Research Project: Enhanced Agronomic Performance and Disease Resistance in Edible Legumes

Location: Grain Legume Genetics Physiology Research

Title: Identification of quantitative trait loci for drought tolerance in Bukoba/ Kijivu Andean mapping population of common bean

item HAMABWE, SWIVIA - University Of Nairobi
item OTIENTO, NICHOLAS - University Of Nairobi
item SOLER-GARZON, ALVARO - Washington State University
item Miklas, Phillip - Phil
item PARKER, TRAVIS - University Of California, Davis
item CHEELO, PRIDE - University Of California, Davis
item KUWABO, KUWABO - University Of Zambia
item KAMFWA, KELVIN - University Of Zambia

Submitted to: Crop Science
Publication Type: Peer Reviewed Journal
Publication Acceptance Date: 9/13/2023
Publication Date: 10/12/2023
Citation: Hamabwe, S., Otiento, N., Soler-Garzon, A., Miklas, P.N., Parker, T., Cheelo, P., Kuwabo, K., Kamfwa, K. 2023. Identification of quantitative trait loci for drought tolerance in Bukoba/ Kijivu Andean mapping population of common bean. Crop Science. 136:222.

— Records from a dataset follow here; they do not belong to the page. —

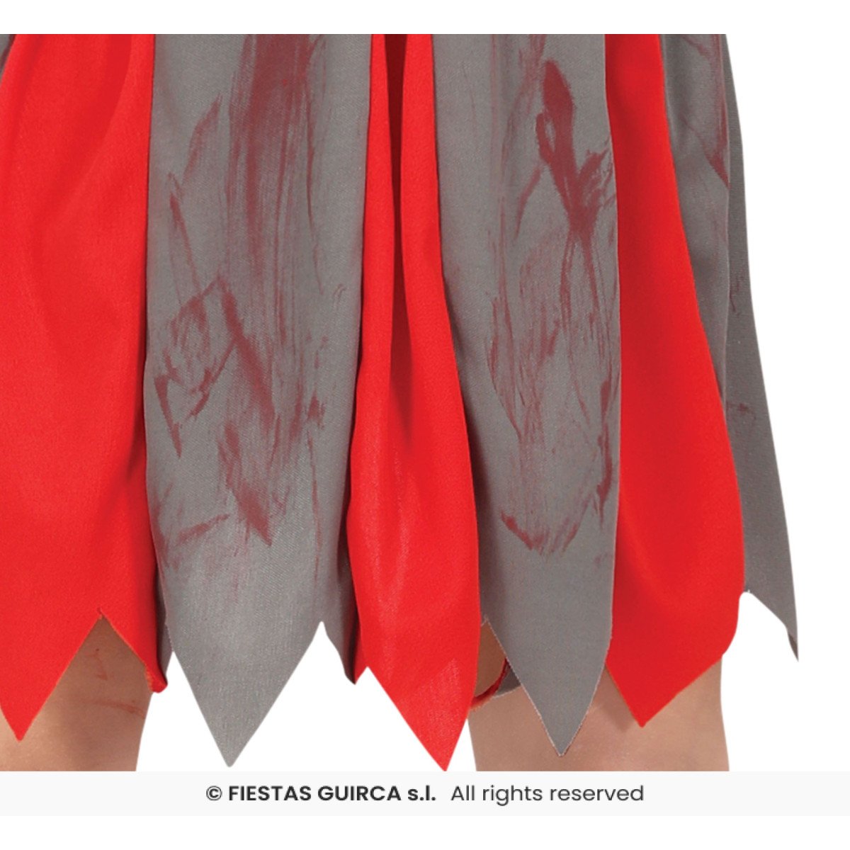 Este modelo en talla 10-12 años incluye un vestido con efecto desgarrado, manchas de sangre falsa y un diseño que mezcla el estilo clásico de animadora con un toque aterrador. Es cómodo de llevar y perfecto para moverse con libertad durante toda la noche.
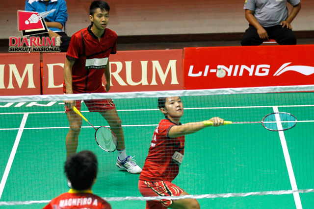 Ricky Alverino/Jessica Shohan (PB Djarum) mengembalikan shuttlecock ke arah Reynaldi/Ade Maghfiro (Hi Qua Wima/Jaya Raya).
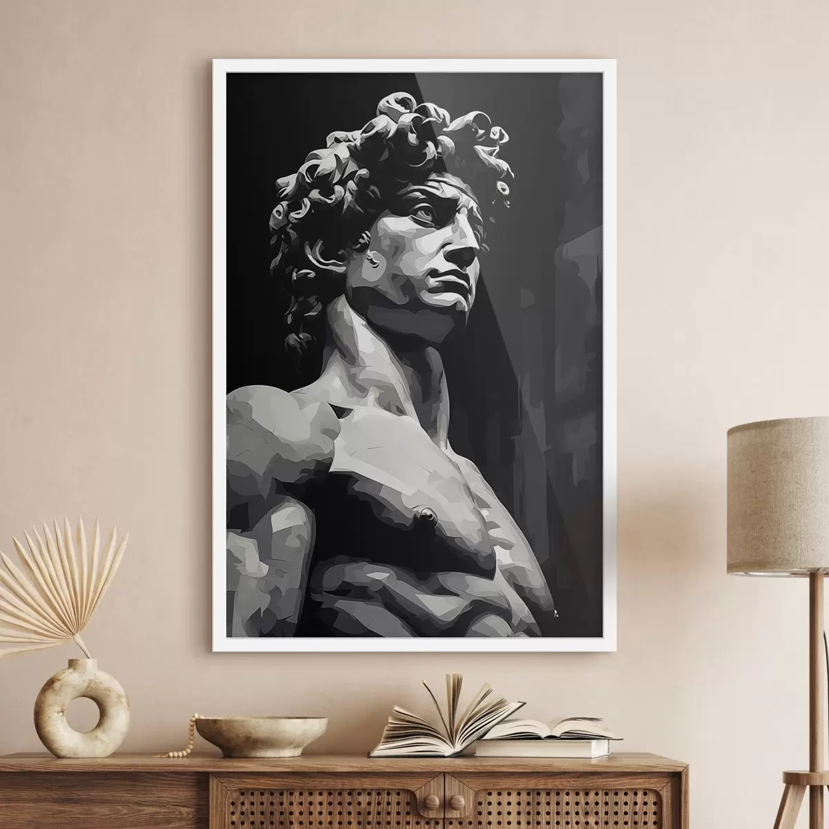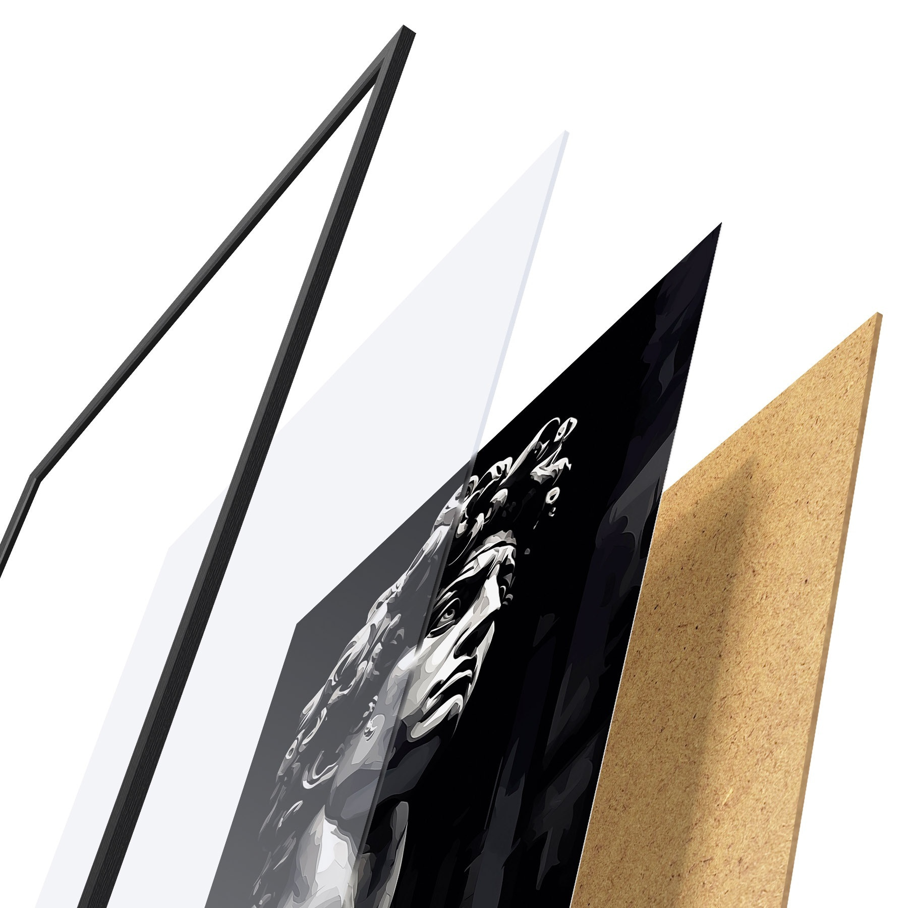 El póster consta de marco, plexiglás, imagen impresa y soporte de aglomerado. El póster puede colgarse inmediatamente en la pared gracias a los soportes de la parte posterior.
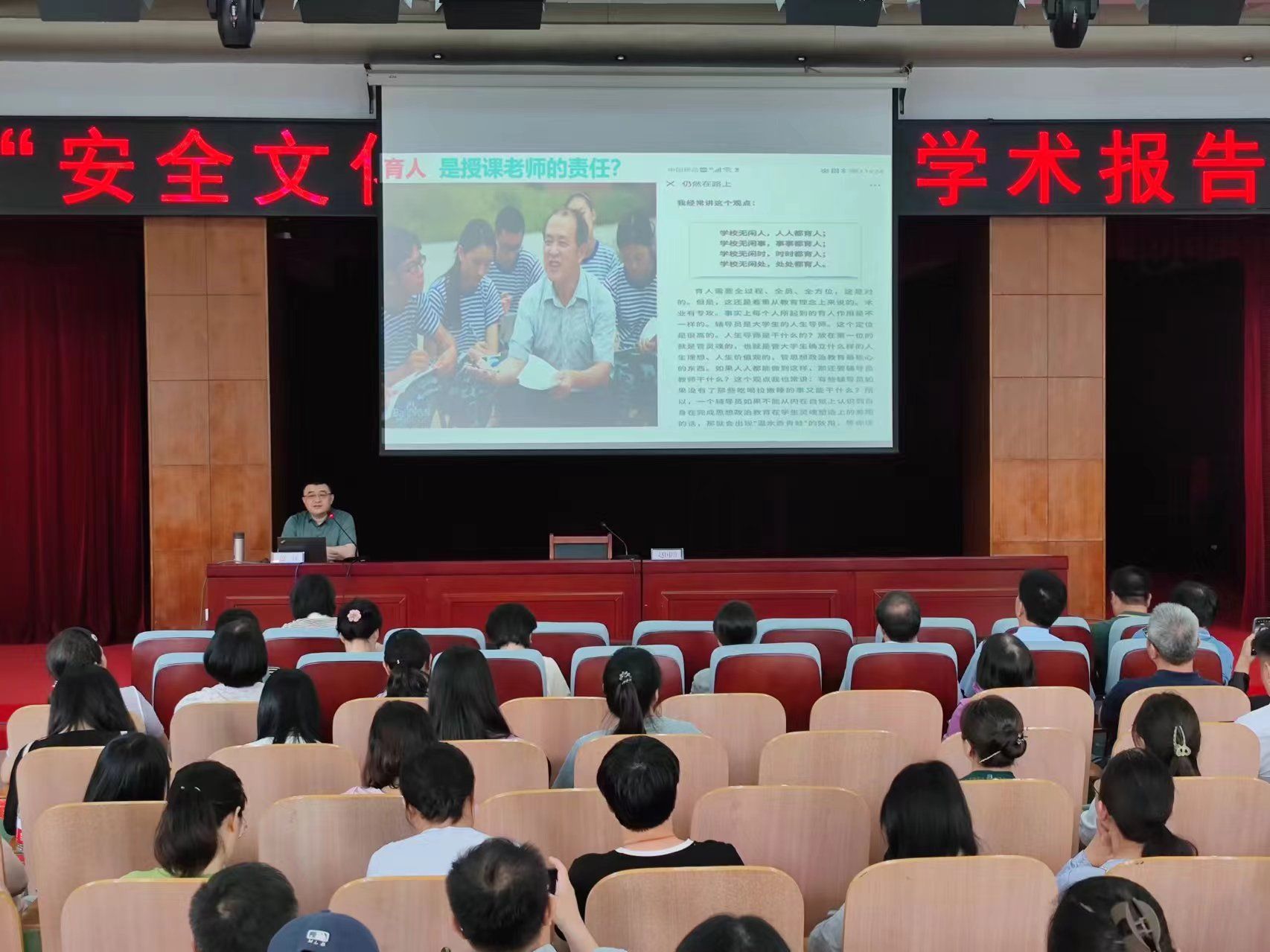 5月28日,我校在学术报告厅举办了“安全文化育人”专题讲座,学校党委委员、副校长赵国增主持,党委书记、校长李建广,党委委员、副校长林雪霞及各部门负责人、全体辅导员参加。
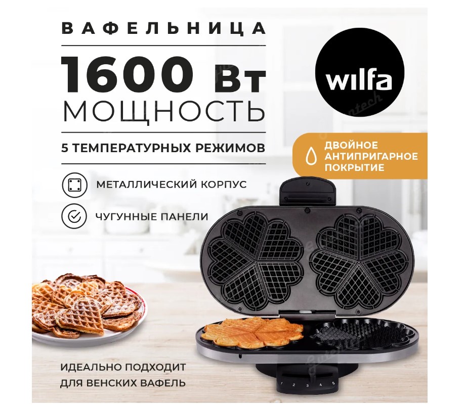 Вафельница бытовая Wilfa WAD-518 MS предназначена для быстрой и легкой выпечки венских вафель в форме сердечек.
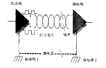 RS-232串行通訊的標(biāo)準(zhǔn)電壓是參考接地端而來(lái)。發(fā)送端由發(fā)送數(shù)據(jù)端參考發(fā)送端的接地電壓發(fā)送數(shù)據(jù),接收端由接送端與接送端的接地電壓來(lái)接收數(shù)據(jù)。如果中間有噪聲進(jìn)入,則會(huì)產(chǎn)生干擾。
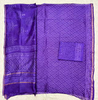 Handblock Chanderi Suit Material with Chanderi Dupatta(Lining Included)
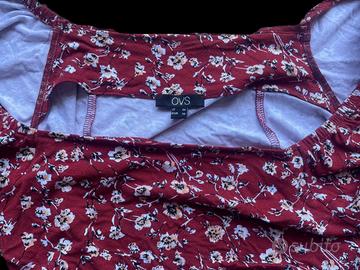 Abito corto floreale bordeaux con stampa a piccoli fiori bianchi e maniche a 3/4. Scollo morbido e tessuto elasticizzato che si adatta alla figura. Perfetto per un look casual o romantico. Taglia M(42-44), vestibilità comoda e femminile. Usato pochissimo, in ottime condizioni.
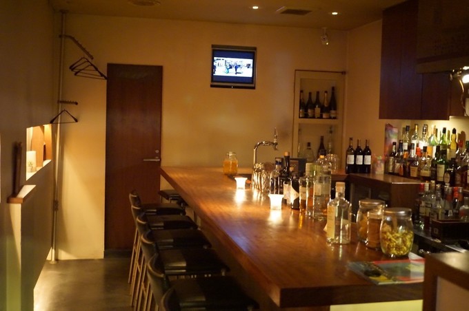 幡ヶ谷の飲み屋が多いエリアの脇道に佇むバーです。横長の窓からはオシャレで綺麗な店内が覗けます。
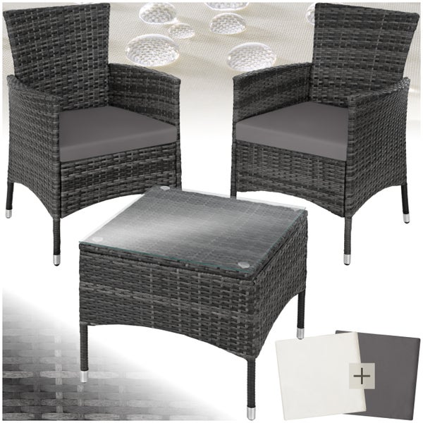 Rattanset tectake Luzern 2 Bezugssets für 2 Personen grau
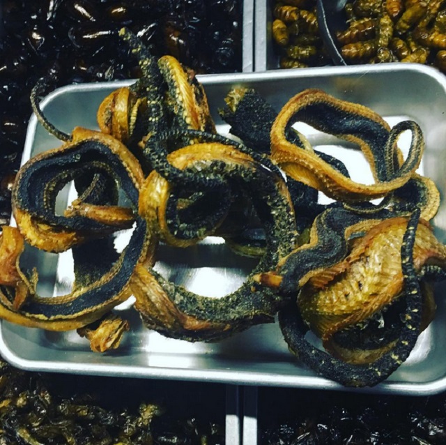 Aceasta și-a postat câteva fotografii din capitala Thailandei, respectiv niște lăcuste și niște șerpi, pe care locuitorii îi mănâncă în mod obișnuit.
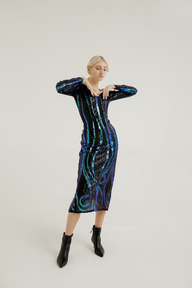 A dare unicità e dinamismo ai pezzi dalle linee definite ma sinuose, paillettes, bottoni gioiello, passamanerie, piume ed inserti di velluto.
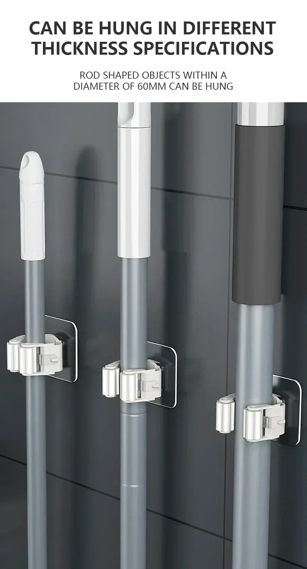 3 Multiuso: o clipe pode aceitar diâmetro de até 3cm, você pode usá-lo para organizar esfregões, vassouras, guarda-chuvas etc.
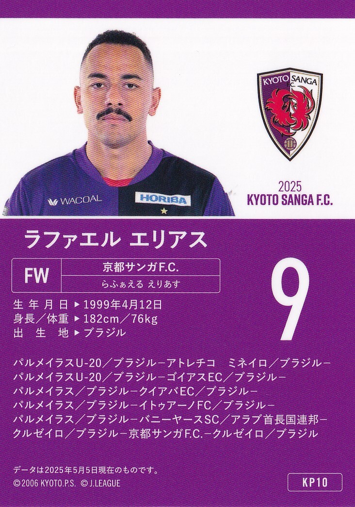 京都サンガFC 2025 オフィシャル KP10 ラファエルエリアス
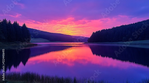 © Nosheen, Fototapeta premium A peaceful lakeside view with clear water, surrounded by dense pine trees under a colorful sunset.
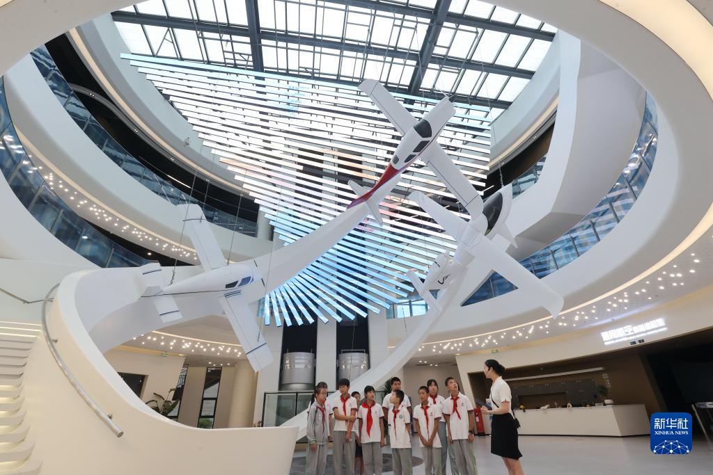 8月30日,在德清县通航智造小镇通用航空科普体验馆,雷甸镇中心小学学生在参观航空科普展品。
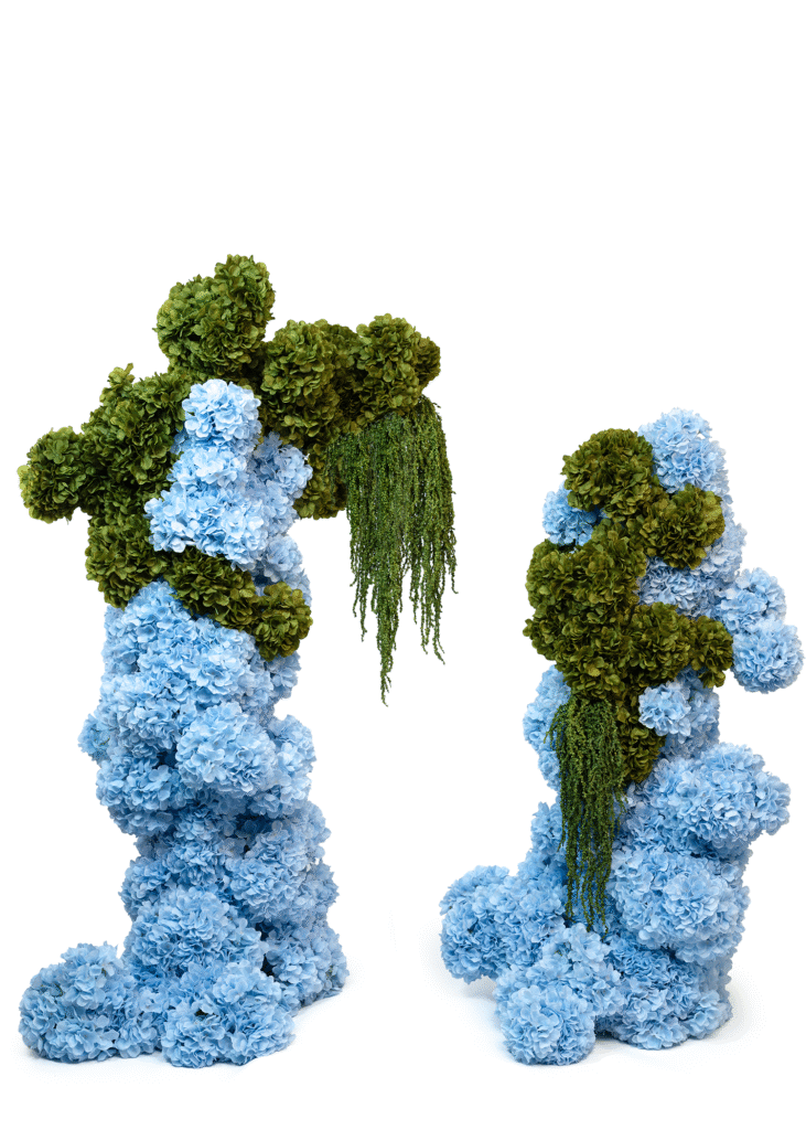 Playful modern clusters of blue hydrangeas with a sage green touch. A striking, contemporary statement for parties and bright weddings.
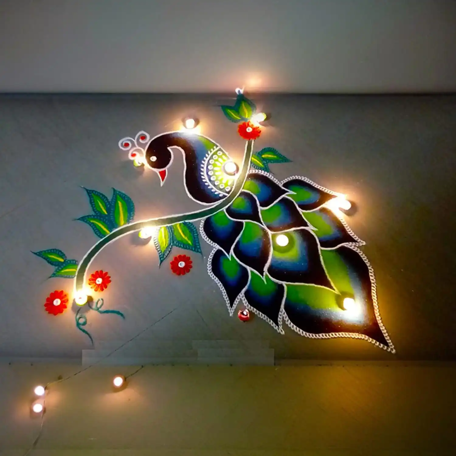 It is usually made during diwali (Deepawali), wedding, onam, pongal and other indian festivals. . Colour is made of sawdust. These colors are eco friendly.rangoli is a native of indian culture and is used in every festive occasion to decorate one’s house. These colors spread positive vibrations within the environment and make to lively and entertaining.it also signify a warm welcome for visitors. Many traditionalists also believe that drawing of rangolis on the floor near the main doorway of the house warded off evil spirits.

Interpretive Summary: Drought continues to plague dry bean production in East African countries including Zambia. The available dry bean germplasm in Zambia varies for tolerance to drought. But most bred materials in Zambia are susceptible to drought and result in low yield under such stresses. Unfortunately breeding for tolerance to drought is difficult because little is known about genetic resistance in dry bean to drought stresses in Zambia. This study investigates the genetics of drought tolerance segregating in a genetic population derived from a drought susceptible parent crossed to a drought resistant parent. The genetics of drought tolerance was studied in this population which was planted across four separate yield trials that were managed to simulate drought stress. Three independent genomic regions with significant influence on the inheritance of drought resistance were discovered in this population and two of the locations support genetic findings from previous studies. The three genomic 'hotspots' conditioning drought tolerance will provide breeders with targets for generating new cultivars with improved drought tolerance for Zambian dry bean growers.

Technical Abstract: Drought is a major production constraint of common bean worldwide. The objective of this study was to identify the Quantitative Trait Loci (QTL) for drought tolerance in an Andean population of Recombinant Inbred Lines (RILs). A total of 155 F5:7 RILs derived from a cross between Kijivu (drought tolerant) and Bukoba (drought susceptible) were evaluated for drought tolerance in field and pot experiments. Four field experiments were conducted at three locations, including the University of Zambia Research Farm, Golden Valley Agricultural Research Farm, and Kabwe Zambia Agricultural Research Institute Farm, in 2021 and 2022. All field trials were conducted in the dry season under irrigation. The 155 RILs were genotyped with 11,292 SNPs, and composite interval mapping was conducted to identify QTL for drought tolerance. Seed yield for Kijivu under drought stress was consistently higher than for Bukoba across all four field trials. A total of 71 QTL were identified for morphological, agronomic, and physiological traits under drought stress and non-stress conditions. However, the majority of these QTL were specific to drought stress. QTL “hotspots” for drought tolerance were identified on chromosomes Pv06, Pv07, and Pv10. Extensive co-localizations for morpho-agronomic traits under drought stress were observed at the three drought-tolerance QTL hotspots. Additionally, these three QTL hotspots overlapped with previously identified QTL for drought tolerance, while several other identified QTL are novel. If validated further, the three identified QTL hotspots could be used in marker-assisted selection for drought tolerance in common bean.